A few years ago, a group email was sent around my office: “For sale – 2 Westlife Tickets. Would make ideal Mother’s Day present.”
Now assuming (as you are reading this blog) you’d agree with me that Westlife were the biggest pile of living sh*te musically since time began, then you’d probably also wonder why 2 tickets to see them would make an ideal Mother’s Day present. Do you really hate your mother that much? The assumption here seems to be that once you become a parent, any good taste you had before goes out of the window.
Well, bollocks to that. I’ve been a parent for 18 years now and in that time, I’ve never lost my taste and passion for music. I've certainly never decided to just add Westlife as a favourite on Spotify. There seems to be a misconception that somehow once you either pop out a little bundle of joy into the world or are involved in the creation and caring of such a bundle, the hard wiring in your brain suddenly turns into a jellified mess and you are only capable of enjoying a certain sort of bland and safe music.
Well if that is the case, I missed the memo. As did many of the other parents that I go to gigs with or meet at shows. Yes, I like Adele, and I enjoy the first Ed Sheeran album. But I also like Aphex Twin, Cabbage, Stormzy, PJ Harvey, Bon Iver, Sofi Tukker, Dream Wife and thousands more artists from a wide range of genres. Some are pretty mainstream. Some aren’t. It was the same when I was 17. 30 years on nothing has changed.
Of course, once you become a parent the time available that you have to yourself (and therefore to listen to music) is less. It's certainly the time when most music bloggers really struggle to continue their blogs. But that doesn’t mean that becoming a mum or dad has to alter what you like. “Music your mum would like,” is such a derogatory term.

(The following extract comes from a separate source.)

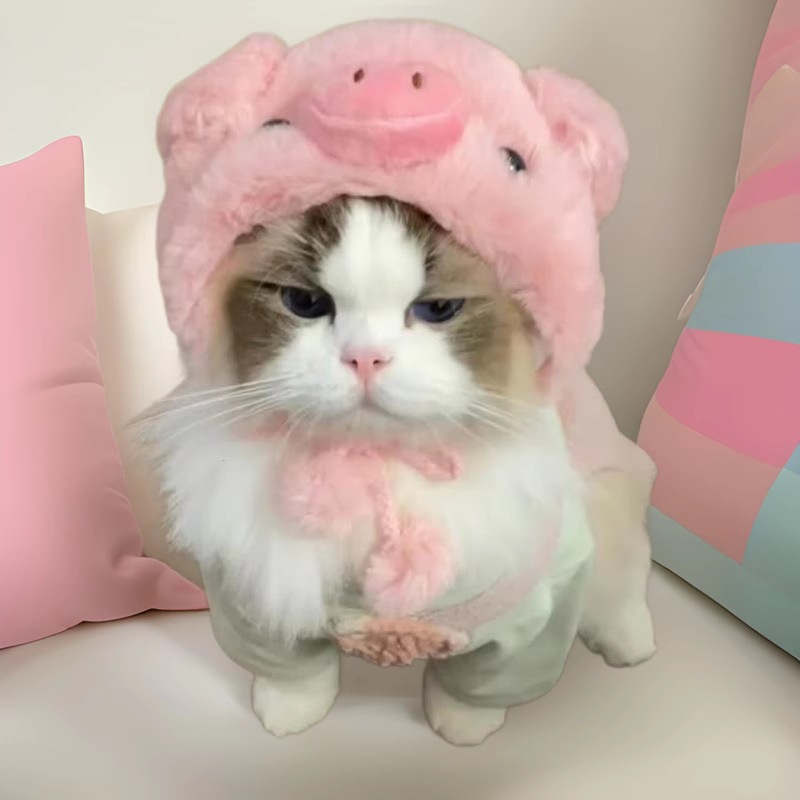 Sarung Kepala Babi Hewan Peliharaan Marzis Yorkshire Bibear Kucing Topi Dekorasi Pakaian Variasi Musim Gugur dan Musim Dingin Hangat Anjing

Over the next few weeks I’ll be publishing a number of short blog posts about my relationship with music as a parent. I’ll be looking at going to festivals with kids, how my passion for music has influenced and impacted on how and what my children think about music as they reach and approach adulthood, how it’s possible for parents to like modern music rather than just nostalgic listening and the etiquette of attending a gig with your teenage child.
But with Mother’s Day approaching, kids please remember if you’re considering buying that Westlife CD as a present, it’s never too late for adoption. Love Mum and Dad.